SemNet
SemNet is a semantic network of concepts generated by parsing natural language. The goal is to simulate a human intelligence model by interpretting text and forming logical connections between ideas.
Setup
The experiment requires the
Stanford CoreNLP library jar
and the model jar. A configuration file config.cfg
needs to be created in the
project's root of the following format:
[stanford]
jar-path: path/to/stanford-corenlp.jar
model-path: path/to/stanford-english-model.jar
[graphs]
output-dir: path/of/output/graph/dir
With the respective paths replaced with the locations of the downloaded jars and desired output directories.
Explanation
Currently, the mapper operates by using Stanford's corenlp library to graph the dependencies within each sentence (identify subject, direct object, adjectival modifiers, etc.), then using the structures within the graph, extract and/or infer logical rules based on the text. Given a set of sentences about one topic, a reasonable logical model can be generated for that topic.

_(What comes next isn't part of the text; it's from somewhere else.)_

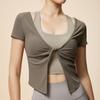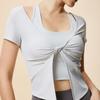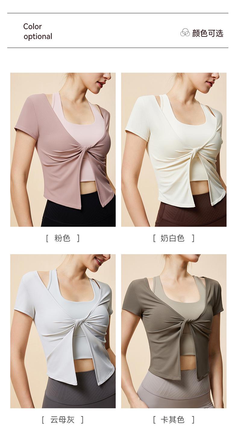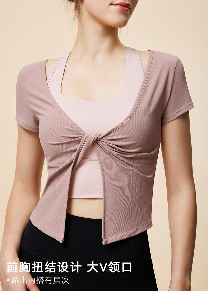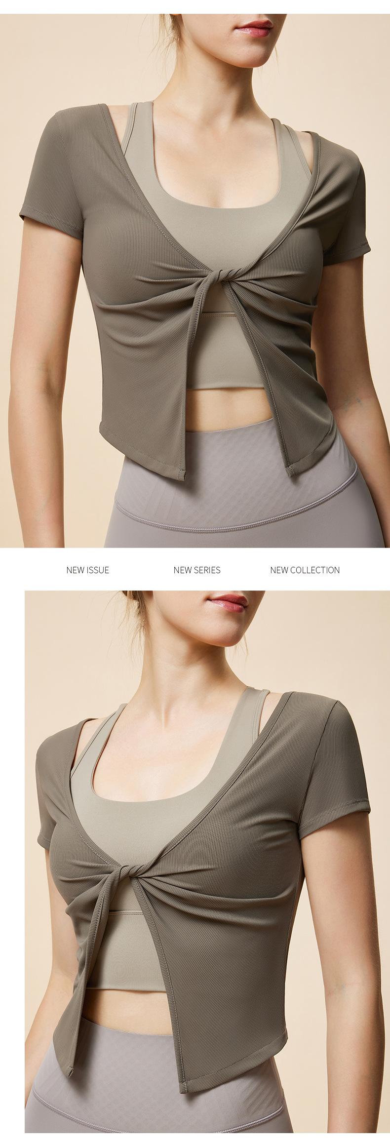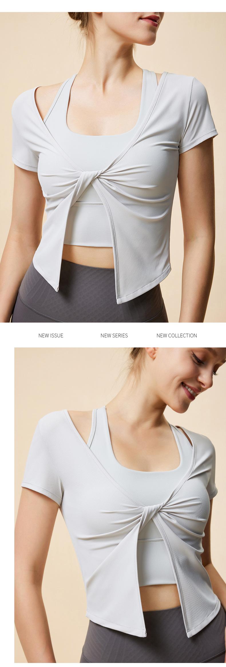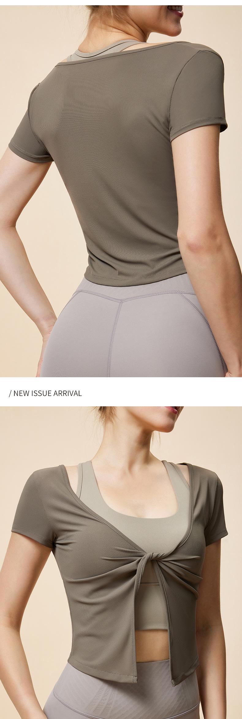 Nueva ropa deportiva de yoga de manga corta con escote en I y espalda descubierta, chaleco de yoga adelgazante con cobertura de carne, conjunto deportivo de dos piezas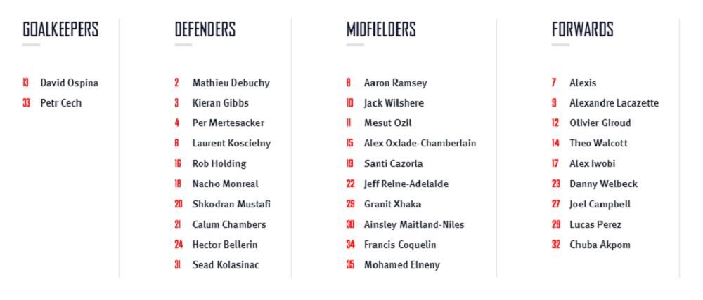 Arsenal ima fenomenalne igrače na svim pozicijama, a najveće zvezde tima su svakako golman Peter Čeh, veznjaci Remzi i Ozil, kao i napadači Aleksis Sančez, Lakazet, Volkot i Velbek.

Concepts follow a hierarchy of specificity. Some concepts are more specific than
others, and the relationship between abstract and more concrete concepts is
captured. For example, Concept <plant> [tall]
is a child concept of
Concept <plant>
because they both refer to plants, except that the first one
only refers to tall plants, which is a subset of all plants.
Example
parse("trees are tall plants")
=> Concept <tree>
be:
Concept <plant> [tall]
parse("plants have green leaves")
=> Concept <tree>
be:
Concept <plant> [tall]
have:
Concept <leav> [green]
Concept <plant>
have:
Concept <leav> [green]
Concept <leav>
Concept <green>